2011\04\11@082002 by Olin Lathrop

face picon face
V G wrote:
> Thanks. I'll probably need to make some sort of a MOSFET current
> source capable of driving large loads, and keep it within the Ohmic
> region.
>
> Is that the way to go about it?

Did you read what I wrote last week?  I went into this in some detail.


********************************************************************
Embed Inc, Littleton Massachusetts, http://www.embedinc.com/products
(978) 742-9014.  Gold level PIC consultants since 2000

2011\04\11@083925 by V G

picon face
On Mon, Apr 11, 2011 at 8:20 AM, Olin Lathrop <KILLspamolin_piclistKILLspamspamembedinc.com>wrote:

>  Did you read what I wrote last week?  I went into this in some detail.
>

The following is the only reply that I had received:

You are going a bit off the deep end.  You need to go back to the basics and
{Quote hidden}

Yes, I did read it, but all I got from it is that I should use a smooth DC
source. I don't care about efficiency, since it doesn't consume much power
anyway, and it will get power from a computer power supply (12V rail or
wahtever).

And for starting purposes, since the goal is to get the drink as cool as
possible as quickly as possible, a direct, uncontrolled 12V line is
perfectly fine, with an on/off switch. But if I'm going to be controlling
the cooling power, I still did not understand exactly which way I should go
about it.

Linear regulators that can supply 6A are hard to come by, but I can get
them.

What other ways are there, short of designing your own variable voltage
high-power power supply

2011\04\11@125154 by Olin Lathrop

face picon face
V G wrote:
>> This is why Peltier coolers are usually driven by what amounts to a
>> variable
>> switching power supply, but with enough filtering to keep the total
>> ripple to a small fraction of the average output.  Anything that
>> would qualify as
>> a
>> regulated power supply for other purposes would likely be good
>> enough.
>
> Yes, I did read it, but all I got from it is that I should use a
> smooth DC source. I don't care about efficiency, since it doesn't
> consume much power anyway, and it will get power from a computer
> power supply (12V rail or wahtever).

You better check what your computer power supply 12V output is rated for.
Peltier coolers use quite high currents, which could easily be more than a
common computer power supply 12V output is rated for.  If you just want to
drive the Peltier at 12V, then a car battery charger would be better than a
computer power supply.

Even if you don't care about efficiency, you still have to consider how to
get rid of the heat caused by the inefficiency.  Sometimes a more efficient
solution is simpler and cheaper because of that.

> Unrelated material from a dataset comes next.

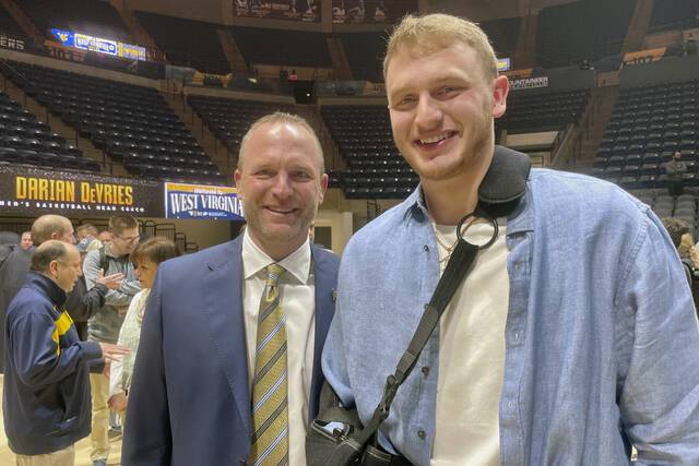 MORGANTOWN, W.Va. — New West Virginia coach Darian DeVries brought some reinforcements from Drake. Tucker DeVries sat in the front row for his father’s introductory news conference Thursday as Darian announced that his son, a two-time Missouri Valley Conference Player of the Year, is joining him with the Mountaineers. That...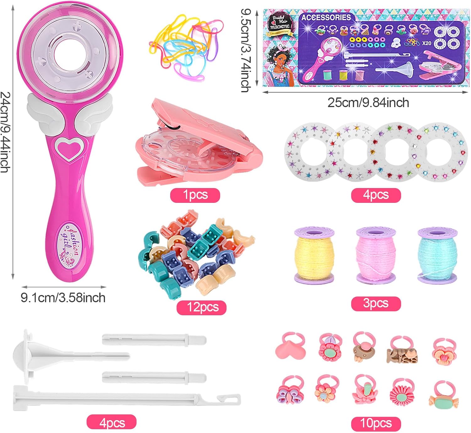 Sicurezza e alta qualità: realizzati con materiali di protezione ambientale di alta qualità, facili, non tossici e insapori. Questa acconciatura è molto adatta a lavoratori diversi. Hair Diamond Machine: incluso un kit completo per la decorazione dei capelli dei bambini. Il set contiene un set di 1 * capelli, 1 * ricci, 3 * linea, 10 * anello, 10 * parrucchiere, strumento ausiliario, macchina per parrucchiere, 20 * elastico. Bellissimo packaging: rosa all'esterno, con elementi come ali dell'amore, manici lucidi e bellissime scatole trasparenti. (Batterie non incluse) La treccia per capelli è automaticamente adatta ai bambini: facile da usare, un nuovo ed elegante strumento in vimini. Puoi creare la tua acconciatura attraverso diversi semplici passaggi, in modo completamente automatico e ancora più conveniente. Regali speciali per ragazze: questo accessorio per capelli è adatto a bambini dai 4 ai 12 anni. Questi diamanti colorati possono essere usati ripetutamente dalle ragazze e acquistare questa acconciatura con strass, in modo che la ragazza si diverta in modo creativo.

> And for starting purposes, since the goal is to get the drink as cool
> as possible as quickly as possible, a direct, uncontrolled 12V line is
> perfectly fine, with an on/off switch.

If that's all you want, then go for it.  You will very likely need a fan
blowing on the hot side of the Peltier though.


********************************************************************
Embed Inc, Littleton Massachusetts, http://www.embedinc.com/products
(978) 742-9014.  Gold level PIC consultants since 2000

2011\04\11@133611 by Herbert Graf

picon face
On Mon, 2011-04-11 at 08:39 -0400, V G wrote:
> And for starting purposes, since the goal is to get the drink as cool as
> possible as quickly as possible, a direct, uncontrolled 12V line is
> perfectly fine, with an on/off switch. But if I'm going to be controlling
> the cooling power, I still did not understand exactly which way I should go
> about it.
>
> Linear regulators that can supply 6A are hard to come by, but I can get
> them.
>
> What other ways are there, short of designing your own variable voltage
> high-power power supply?

Just use a thermostat. Home Despot has some really cheap ones that you
can probably kludge a solution out of.

TTYL

2011\04\11@133946 by antoniasse

flavicon
face
PWM will be fine..

Luis F.



{Quote hidden}

> -

2011\04\11@134310 by V G

picon face
On Mon, Apr 11, 2011 at 1:39 PM, antoniasse <RemoveMEantoniasseTakeThisOuTspambraile.com.br>wrote:

> PWM will be fine..
>

Out of curiosity, why do you say that? It has been said that this leads to
inefficiency and greater heat dissipation in the element when there's "that
much" line ripple

2011\04\11@134514 by Herbert Graf

picon face
On Mon, 2011-04-11 at 14:39 -0300, antoniasse wrote:
> PWM will be fine..
>
> Luis F.

But why go that complicated?

The op wants a temperature control and doesn't care about efficiency, so
just run the Peltier at 12V until you reach the temp, and then turn it
on again every time the temp rises a bit.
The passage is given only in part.